How to Quickly Identify and Fix Performance Flaws with Open Source, Interactive Code Maps

How to Quickly Identify and Fix Performance Flaws with Open Source, Interactive Code Maps

Almost always, the fastest way to address bugs is to first be able to replicate them in your local environment. By verifying that you can replicate the issue locally, you can reduce your mean time to repair (MTTR) when responding to an incident or ticket.

As of today, the free, open source framework AppMap can tell you if you can replicate a performance bug locally, because now AppMap shows you performance data locally in your dev environment. You can compare this AppMap data to a reported issue to verify that you can identify and replicate a performance issue.

Beyond verifying that the issue can be replicated locally, AppMap captures the entire context of code being recorded and executed, and provides performance data at every step. This context includes snapshots of data which may contribute to or directly lead to performance issues. By providing you with everything you need to remediate the issue, AppMap has an edge over traditional profilers.

Once you identify the root cause and make your fix, comparing AppMap’s before-and-after performance data allows you to confirm that you’ve addressed the performance issue (in addition to any associated test cases). These before-and-after data can also be shared in a post-mortem to communicate the problem, attached to a ticket that describes the fix, and saved in a knowledge base (to help prevent the issue from happening again!)

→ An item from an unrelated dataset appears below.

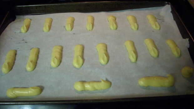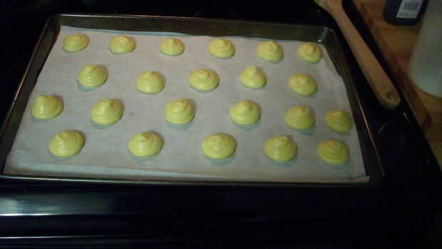 Si está usando una cuchara, siga las mismas directrices para rectas, alternas las filas. No serán en forma religiosa, sean bombas de crema. O si desea aún utilizar un nombre de fantasia, Profiteroles. Si está usando dos cucharas, utiliza el tazón de fuente de agua y sumerja las cucharas en el agua antes de sacar con pala la mezcla. Ayuda a pegarse. Sacar con una cuchara y utilizar el otro para raspar la mezcla hacia abajo y en el pergamino. Volver a sumergir la cuchara.

Here’s a brief demo of how to quickly troubleshoot and verify a fix of a performance issue in a popular community site application using AppMap. (FYI, we’ve modified this community app slightly for demo purposes). In case you prefer to read vs. watch, a written version of the demo follows the video.

Situation:

  • 00:02 It’s been brought to my attention that in our community app, listings of past meetings (that were recently added by a new team member) feel notably slower than renderings of future meetings, and a quick glance at database utilization shows a rapid increase of queries since the new feature has been introduced.
  • 00:22 I’ll use a custom test that will amplify the performance difference between the two cases, simulating fetching and rendering of 1000 meetings. perf-devto-01
  • To observe the behavior and measure the performance differences, I’m going to use the free and open source framework AppMap.
  • 00:39 Now let me run the test and see what’s going on in my application code: perf-devto-02
  • Now this is interesting, because the future meetings took .16s while past meetings took a lot more time, .42s.
  • Let’s drill down and compare the code flows of the two requests. perf-devto-03
  • This is a Django app and I can see that the renderer took .14s for future and .40s for past meetings. I can also instantly see that the first code flow has 4 children vs. 1500 of the second one.
  • 01:15 Let’s look at the first flow, first. perf-devto-04 I can see that four SQL commands were executed for the future meetings request: The first lists all future meetings from the table, and the two following SQL commands pre-fetch data for all future meetings from related tables.
  • 01:33 Let’s drill down to the second flow, the request to view all past meetings. The second sequence starts with fetching all past meetings. What follows is very different though: The ORM runs three queries for each past meeting in the database – that’s 1500 trips to the database total for 500 past meetings created by the test. Even on my dev environment with no other database load, the performance difference between the two SQL command patterns is remarkable. perf-data-2
  • 02:02 Let’s see what happens in the code that sets up the data entities. A quick glance in the view implementation reveals that the past meetings view lacks the select_related and prefetch_related method calls, causing the observed N+1 problem. perf-devto-05
  • Note that despite the obvious code issue, the tests were passing previously – functionally, the existing code worked – but it’s causing extra costs and risk, and puts an unnecessary strain on the database.
  • 02:34 Let’s fix and run the test again.
      class FutureMeetingsAll(ListView):
      template_name = "meetings/future_meetings_all.html"
      queryset = Meeting.objects.filter(
          when__gt=datetime.datetime.now() - datetime.timedelta(hours=3)
      ).order_by("when").select_related("where").prefetch_related("topics", "meeting_sponsors")
        
      class PastMeetingsAll(ListView):
      template_name = "meetings/past_meetings_all.html"
      queryset = Meeting.objects.filter(
          when__lt=datetime.datetime.now() - datetime.timedelta(hours=3)
      ).order_by("-when").select_related("where").prefetch_related("topics", "meeting_sponsors")
    
  • 02:50 And here we can see that with the fix in place, the number of the database queries dropped, and the performance of the past meetings flow has improved dramatically. perf-devto-06 perf-devto-07

To recap this demo, AppMap helped me quickly identify a performance problem and verify a fix by providing me with all the clues required to discover and address the performance-impacting flaw in my code.